不一時,老驢頭就驅車趕到,車廂里分別坐著知縣胡原、仵作刁五門以及師爺李伯之。
“大人,就在這上面,請隨我來。”
老驢頭步履矯健當前帶路,行了約有十幾丈的距離,才算到達他發現尸體的地方。
“海棠,你怎麼在這?”
尸體沒見著,木余倒是發現海棠和小驢兒坐在一塊大石上說著什麼。
海棠從大石上跳下來,來到木余身前,“今早上佟大哥听到老驢頭喊著山上有女尸,就慌慌著要來。不過他不識路,我就領著他來了。”
“哦∼那佟兄人呢?”
海棠一指前方的山澗,“他下去尋找線索去了!”
山澗雖然不深,但也有十幾丈高下。山澗下的水流如同一條銀色巨蟒蜿蜒前行著,經過山澗生成轟隆隆的回音。更有薄薄的一層水霧盤繞不散,竟陽光那麼一照,泛起縷縷彩光來,衍生出一絲神秘的美感來。

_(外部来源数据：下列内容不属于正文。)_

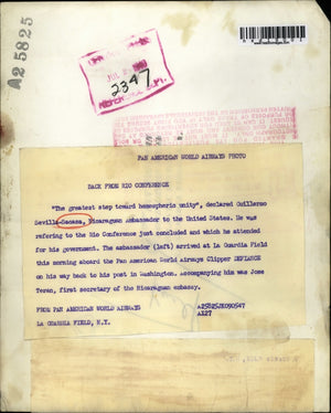 1949 Press Photo Guillermo Sevilla-Sacasa and Jose Teran at La Guardia Field
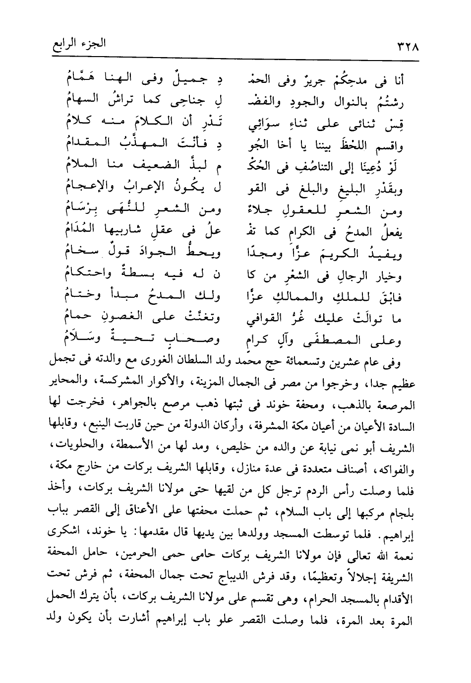 وَفِي عَام عشْرين وَتِسْعمِائَة حج مُحَمَّد ولد السُّلْطَان الغوري مَعَ والدته فِي تجمل عَظِيم جدا وَخَرجُوا من مصر فِي الْجمال المزينة والأكوار المشركسة والمحاير المرصعة بِالذَّهَب ومحفة خوند فِي ثبتها ذهب مرصع بالجواهر فَخرجت لَهَا السَّادة الْأَعْيَان من أَعْيَان مَكَّة المشرفة وأركان الدولة من حِين قاربت الينبع وقابلها الشريف أَبُو نمي نِيَابَة عَن وَالِده من خليص وَمد لَهَا من الأسمطة والحلويات والفواكه أَصْنَاف مُتعَدِّدَة فِي عدَّة منَازِل وقابلها الشريف بَرَكَات من خَارج مَكَّة فَلَمَّا وصلت رَأس الرَّدْم ترجل كل من لقيها حَتَّى مَوْلَانَا الشريف بَرَكَات وَأخذ بلجام مركبها إِلَى بَاب السَّلَام ثمَّ حملت محفتها على الْأَعْنَاق إِلَى الْقصر بِبَاب إِبْرَاهِيم فَلَمَّا توسطت الْمَسْجِد وَوَلدهَا بَين يَديهَا قَالَ مقدمها يَا خوند اشكري نعْمَة الله تَعَالَى فَإِن مَوْلَانَا الشريف بَرَكَات حامي حمى الْحَرَمَيْنِ حَامِل المحفة الشَّرِيفَة إجلالاً وتعظيماً وَقد فرش الديباج تَحت جمال المحفة ثمَّ فرش تَحت الْأَقْدَام بِالْمَسْجِدِ الْحَرَام وَهِي تقسم على مَوْلَانَا الشريف بَرَكَات بِأَن يتْرك الْحمل الْمرة بعد الْمرة فَلَمَّا وصلت الْقصر علو بَاب إِبْرَاهِيم أشارت بِأَن يكون ولد
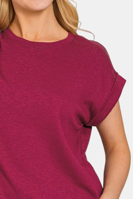 Cotton Modal Slub Rolled Sleeve Tee / CABERNET
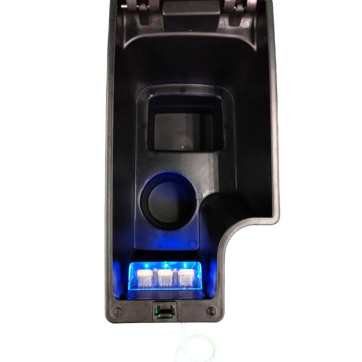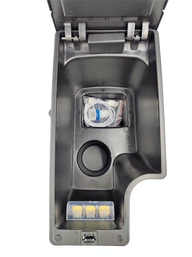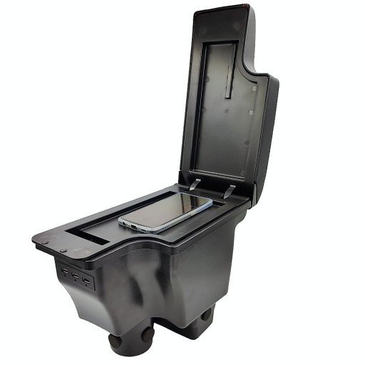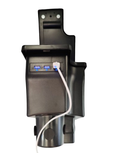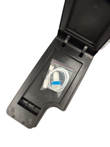 Podłokietnik posiada z przodu gniazda USB, dzięki którym można ładować 2 urządzenia na raz (smartfony, tablety itp.). Aby je zasilić należy podłączyć pierwsze gniazdo kablem z fabrycznym gniazdem USB lub z ładowaką do gniazda zapalniczki.
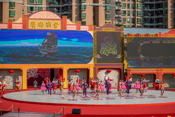 作為廣府廟會的重頭戲,廣府民俗文化大巡演2月12日下午在廣東省人民體育場盛大舉行。廣州是古代海上絲綢之路的發源地,巡游的第一個表演方陣就是“海絲風韻”,展現廣州源遠流長的對外貿易。來自長隆旅游,由“多國精英”組成的演藝隊伍充分體現廣州兼融中外文化的悠久歷史和開放胸懷。
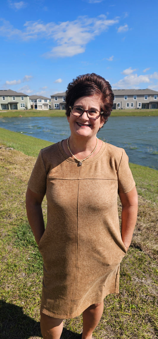 Winona Printed Suede Shift Dress - Mocha
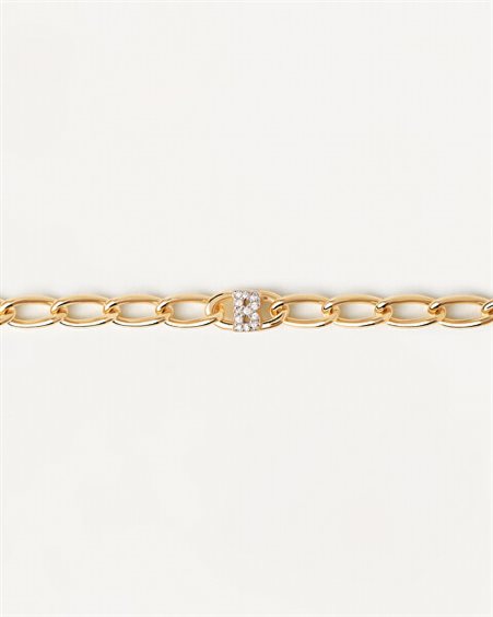 MATERIALE: Argento sterling FINITURA: Placcatura in oro 18K PIETRE: Zirconi Bianchi DIAMETRO DELLE PIETRE: 0,8 mm DIMENSIONI DELLA LETTERA: 4,5 x 4 mm LUNGHEZZA DELLA CATENA: Lunghezza regolabile da 19 cm a qualsiasi dimensione desiderata SPESSORE DELLA CATENA: 4,5 mm PESO: 5,10 g Lettera B
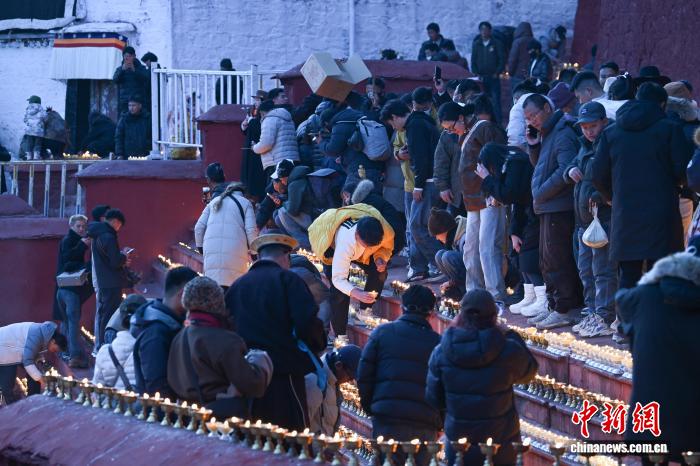 12月14日即藏歷十月二十五日,是藏傳佛教格魯派燃燈日。在西藏拉薩市的藏傳佛教格魯派祖寺甘丹寺內(nèi),信眾點(diǎn)燃酥油燈,祈福平安吉祥。“燃燈日”是紀(jì)念藏傳佛教格魯派創(chuàng)始人宗喀巴大師圓寂而舉行的活動,已有600多年歷史。圖為信眾在甘丹寺內(nèi)點(diǎn)酥油燈。 中新社記者 貢嘎來松 攝

木余走到邊緣處向下一望,不得不佩服佟林,真是藝高人膽大啊!
“荒唐!荒唐!豬啃尸、狼吃豬、豬`尸落澗,這太荒唐了!”
木余扭頭一瞧,只見胡原一甩官服袍袖,吹胡子瞪眼的瞧著老驢頭父子。
卻原來小驢兒在這照看尸體,不知從哪冒出來一頭野豬,他趕也趕不走。正無計可施時又來了一群狼,嚇得他連忙爬上樹去,眼睜睜的看著被群狼逼到澗邊的野豬拖著尸體墜落下去。
老驢頭攬著被嚇到的小驢兒解釋道︰“大人,這林子里本來就有狼群,小驢兒沒有被叼去就已是萬幸了。”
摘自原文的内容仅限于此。